# 4k High-End TV using Ext HDD and USB inputs



## mccauley (Dec 31, 2021)

I'm looking at some high-end 4K TVs with HDR and all the extras to get the best picture possible. This requires a high bitrate signal input or a $2,000 TV more or less displays the same picture quality as a $500 TV. The streaming options produce lower quality images due to additional compression and low bitrate signals and are unacceptable for most of my viewings. So what are the options to get the best possible 4k signal to the TV?

A UHD Blu-ray player plugged into the TV's HDMI input would provide the highest quality image, but would require the purchase of expensive disks of many movies that I already have...

My movie collection resides on multiple 3TB Ext HDDs which I'd like to plug directly into the TV's USB ports. Given the relative prices of USB 3.0 vs. 2.0, I don't understand why the majority of TVs use USB 2 ports, even if USB 2 will actually do the job...

My current UHD files are putting out typical bitrates of 70 Megabits/sec (or 8.75 Megabytes) and occasionally as high as 100 Megabits/s (or 12.5 Megabytes). Transfer speed with USB 2 is frequently stated as 480 Megabit/s (60 Megabytes), but this is measured at the controller, and is not the actual data transfer speed. The few posts I have found of actual test results indicate typical transfer speeds of 25 Megabytes, which is twice the required bitrate for the 4k movies. It appears that USB 2.0 is up to the task.
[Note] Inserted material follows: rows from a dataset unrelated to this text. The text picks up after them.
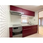 LIXILアレスタ W2400 にお取替え。 扉カラーはソリッドレッド。白い壁にキリッとシックな赤です。ピンクの床がよく合います。ガス加熱機器からIHに変更しました。 壁にはアクセントでタイル調のクロスを施工しました。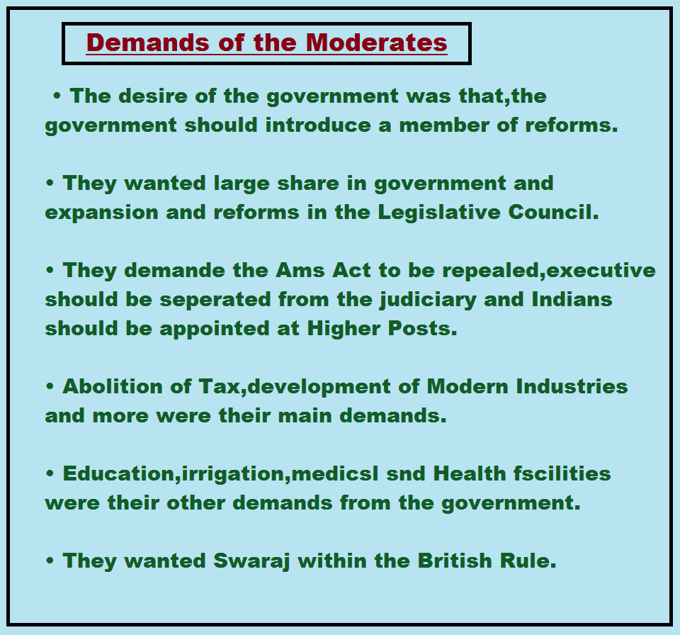 `color{green} ✍️` Between 1885 and 1905, the Congress leaders were moderates. The Moderates had faith in the British justice and goodwill. They were called moderates because they adopted peaceful and constitutional means to achieve their demands.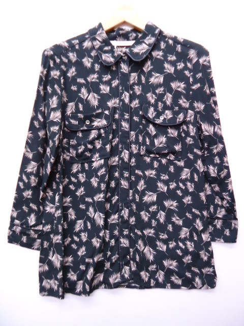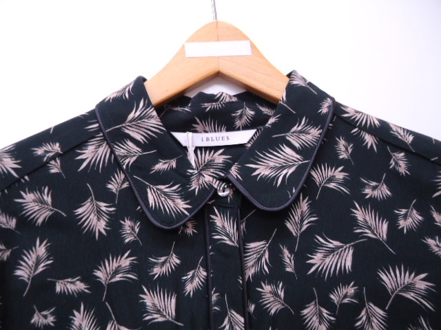 【KCM】asy-102-42★新品★【iBLUES/イブルース】レディース 葉柄 長袖ブラウス ブラック系 サイズ42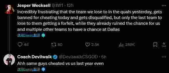 JW:“真的抽象,我们昨天输给的那支队伍今天因为作弊被取消了比赛资格,但只有最后一支输给他们的队伍被改成了对手弃权。但在此之前这支作弊队已经毁了我们好几支队伍了。”

Can anyone currently using a USB 2.0 4K TV with an External USB 3.0 HDD (correctly formatted for the specific TV) as a source, let me know if they are satisfied, or if I should ONLY consider USB 3 equipped TVs?


----------



## moinakg (Jan 3, 2022)

I recently procured a Sony A80J which is in the price range you mention. There is also the more expensive A90J which is a step up in terms of panel brightness and picture pop. However, I found the A80J plenty bright even in my living room with one wall entirely of glass with bright diffuse sunlight.
Anyway, the TV has 2 USB 2.0 and one USB 3.0 ports. To test, I have watched the 2160p Dolby samples (Dolby Trailers - The Digital Theater) containing uncompressed Dolby TrueHD 7.1 audio streams on a USB 2.0 port from a thumb drive without problems. I used Kodi as the player.


----------



## mccauley (Dec 31, 2021)

moinakg said:


> I recently procured a Sony A80J which is in the price range you mention. There is also the more expensive A90J which is a step up in terms of panel brightness and picture pop. However, I found the A80J plenty bright even in my living room with one wall entirely of glass with bright diffuse sunlight.
> Anyway, the TV has 2 USB 2.0 and one USB 3.0 ports. To test, I have watched the 2160p Dolby samples (Dolby Trailers - The Digital Theater) containing uncompressed Dolby TrueHD 7.1 audio streams on a USB 2.0 port from a thumb drive without problems. I used Kodi as the player.


Thanks, Rob. This helps my decision process immensely.

Although 2.0 is adequate for this purpose, considering the cost difference - which I can't imagine is much - between USB 2 and 3 ports, I wonder why they didn't go with 3x3.0 ports? This has been the standard for quite a long time, hasn't it?


----------